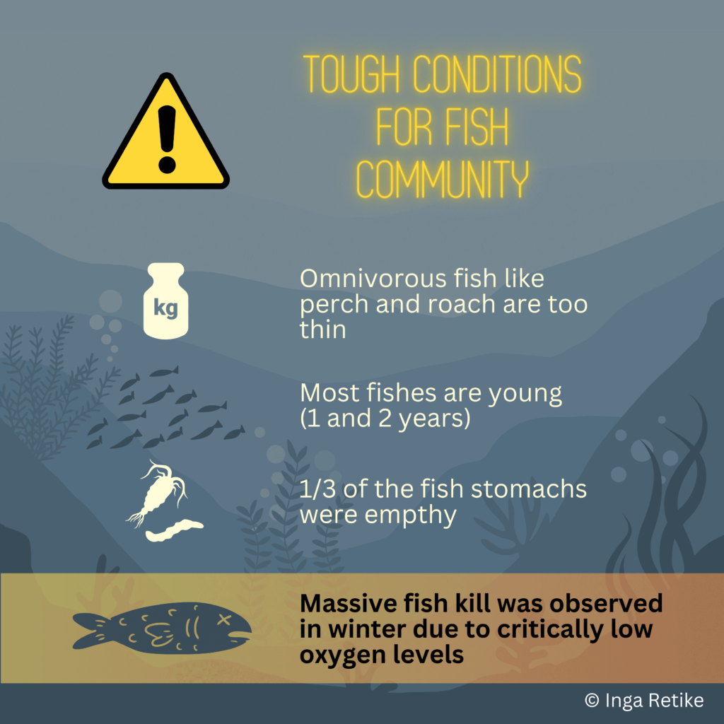 - Gilesniuose ežero sluoksniuose nustatytas mažas deguonies kiekis, kuris paveikė rudens pradžioje pagautas žuvis. Žemas deguonies lygis galėjo priversti žuvis užimti tik paviršinius ežero vandenis, kur šilta vandens temperatūra sukelia stresą žuvų medžiagų apykaitos sistemai ir lemia, kad žuvys yra liesesnės.
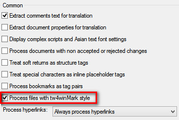 It's on the filetypes. You have to do this before you prepare your project, otherwise it's too late, so go to File -> Options -> Filetypes and then navigate to the filetype you need. In your case it will be one of the Word filetypes. Best to set them up like this too so you use the DOCX filetype instead of the old one:
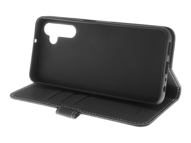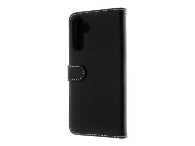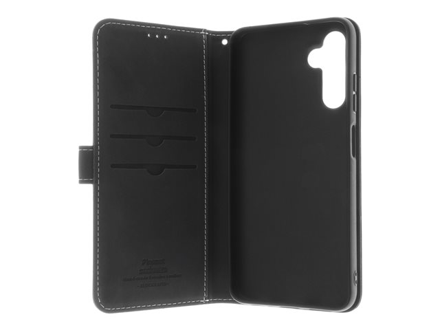 Insmat Exclusive - Lommebok for mobiltelefon - lær, kartong+papir+aluminiumsfolie, termoplastisk polyuretan (TPU) holder, bomullssting - svart - for Samsung Galaxy A05s 650-3216
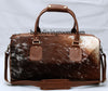 This stunning custom-made weekender bag is crafted from natural cowhide in a unique dark brown black pattern. Enhance your style with this beautiful and timeless piece!
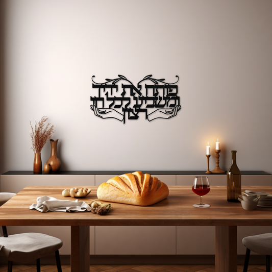 A Hebrew metal sign "You open your hand and satisfy the desire of every living thing"
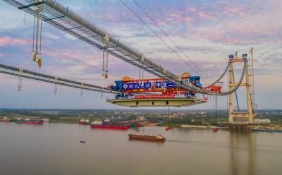 2025年6月13日下午,随着缆载吊机的精准操作,双柳长江大桥首节钢箱梁被稳稳吊起并精确安装至预定位置,标志着由湖北交投集团投资建设,中交二航局与中铁大桥局集团联袂施工的双柳长江大桥正式进入主桥钢梁施工阶段。

::::::::::

WORK INSTRUCTIONS ->
What you return must match the lines from the top of the data through the line with "A Hebrew metal" exactly, with the pictures removed.

SOLUTION FOR THIS TASK ->
 - Gilesniuose ežero sluoksniuose nustatytas mažas deguonies kiekis, kuris paveikė rudens pradžioje pagautas žuvis. Žemas deguonies lygis galėjo priversti žuvis užimti tik paviršinius ežero vandenis, kur šilta vandens temperatūra sukelia stresą žuvų medžiagų apykaitos sistemai ir lemia, kad žuvys yra liesesnės.
 It's on the filetypes. You have to do this before you prepare your project, otherwise it's too late, so go to File -> Options -> Filetypes and then navigate to the filetype you need. In your case it will be one of the Word filetypes. Best to set them up like this too so you use the DOCX filetype instead of the old one:
 Insmat Exclusive - Lommebok for mobiltelefon - lær, kartong+papir+aluminiumsfolie, termoplastisk polyuretan (TPU) holder, bomullssting - svart - for Samsung Galaxy A05s 650-3216
 This stunning custom-made weekender bag is crafted from natural cowhide in a unique dark brown black pattern. Enhance your style with this beautiful and timeless piece!
 A Hebrew metal sign "You open your hand and satisfy the desire of every living thing"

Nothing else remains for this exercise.